FitzGibbon having a paranoid streak to begin with, they hadn’t even needed to prompt him to circle the wagons. It was only natural to rely on family in a crisis. By means of which Ramon could make sure that FitzGibbon never had any second thoughts, or if he did he didn’t act on them. No surreptitious phone calls to the cops. No midnight doubts about the whole outrageous scheme. Because Ramon was always there.

Ramon himself, of course, couldn’t be trusted to decide anything.
Too damn stupid. So Raul kept him on a very short leash. On the other hand, Raul was sure, he could count on Ramon not to betray the plan. He knew that from a lifetime’s experience with his brother. Raul had always been the smart one. The charming one. The one who could get them what they wanted. Ramon followed Raul like a well-trained hound. And Raul, in his hubris, his absolute self-regard, had no doubt at all about his ability to control everyone: Ramon, FitzGibbon, Jules and, when it came down to it, me as well.

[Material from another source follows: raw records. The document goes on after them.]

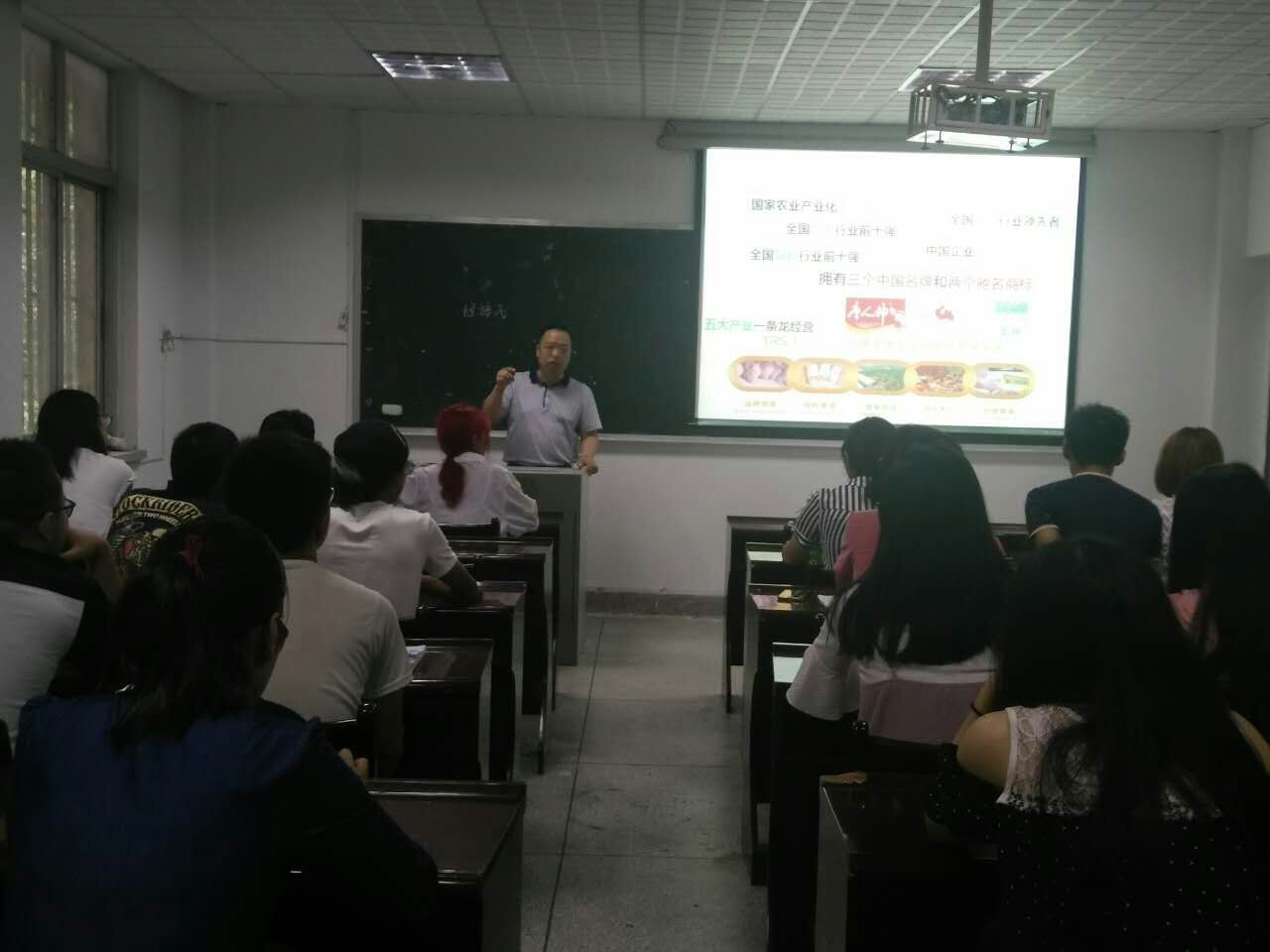唐人神武汉分公司严副总和魏经理9点到达best365英国体育在线与班级成员会面,准备好了相关事宜之后,严总用了一个小时宣讲了唐人神的发展历程、唐人神的系列品牌、唐人神企业文化以及实习方面等问题。随后上一届唐人神企业班班长任江同学发表了他在唐人神公司俩次实习经历的感想,尤其提到唐人神公司文化的优良和唐人神员工的亲和。最后,唐人神企业班的同学们提了一些关于实习方面的问题,严总回答的非常详细,让同学们对唐人神集团有了一个更加清晰的认识。11点,严总作了最后总结并宣布本次交流会结束。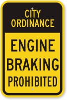No engine braking signs are used because compression-release brakes can generate noise levels above 100 decibels. Communities restrict engine braking near residential neighborhoods and downtowns to reduce noise pollution and maintain peaceful environments. See the engine braking prohibited city ordinance sign for an example used in local ordinances.
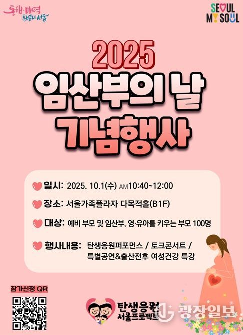이와 관련해 서울시는 10월 1일 오전 10시 40분 서울가족플라자 다목적홀에서 ‘2025 임산부의 날 기념행사’를 개최한다고 밝혔다. 이번 행사는 저출생 시대에 더욱 중요해진 생명의 소중함과 출산의 가치를 함께 나누고, 임산부를 배려하는 문화를 우리 사회 전반으로 확산하기 위해 마련됐다.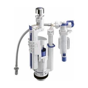Механизм двойного слива Kerasan 751390 хромKerasan 751390 Механизм слива одинарный для низкого бачка, без трубы, без подводки, цвет хром. Кнопка слива сверху.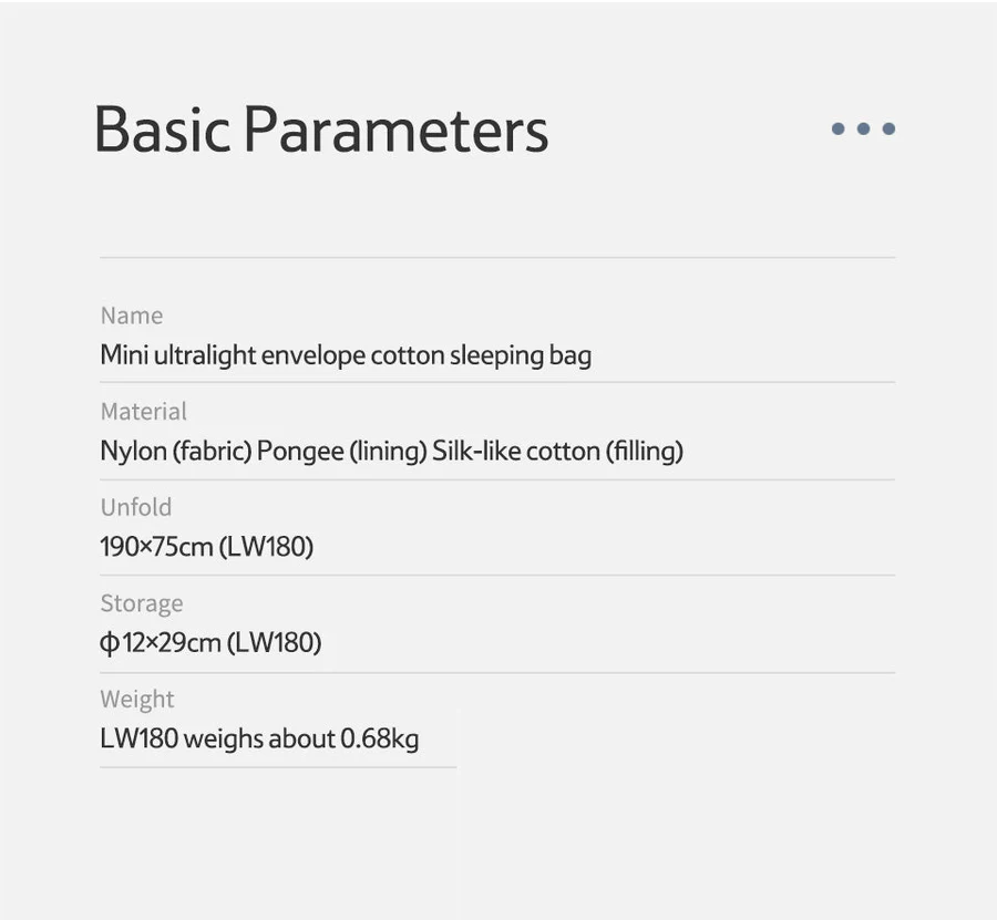 Naturehike LW180 迷你睡袋主打輕便與實用,適用於春、夏、秋三季,舒適溫度 15°C(59°F)、極限溫度 - 3°C(26.6°F)。標準版重約 480g,收納尺寸ф12×29cm,展開尺寸 190×75cm;大號版重約 560g,收納尺寸ф13×31cm,展開尺寸 205×85cm。布料採用 20D 380T 滌綸塔夫綢(外殼與內膽),填充 80g/m² 蠶絲般合成棉,柔軟透氣且親膚,外層帶防潑水塗層,兼具實用性與舒適度。配備雙向 YKK 拉鏈、防夾條與魔術貼設計,可防拉鏈突開、順滑開合,腳部可敞開透氣。支援完全展開當毯子,或與另一睡袋無縫拼接成雙人睡袋,搭配高密溫度標籤與收納袋,方便攜帶收納,是露營、健行、旅行等戶外活動的理想選擇。

The Larry Silver thing had thrown a big wrench into the plans. When Ramon called Raul to report on his successful mission, Raul told him to leave the body there, where it could be easily found, three blocks from Jules’s place. Then they’d have something to hang over Jules, if they needed it later. But that, it turned out, was a big miscalculation. Raul didn’t know the neighbors had called the cops about the noise. That the cops would make the connection.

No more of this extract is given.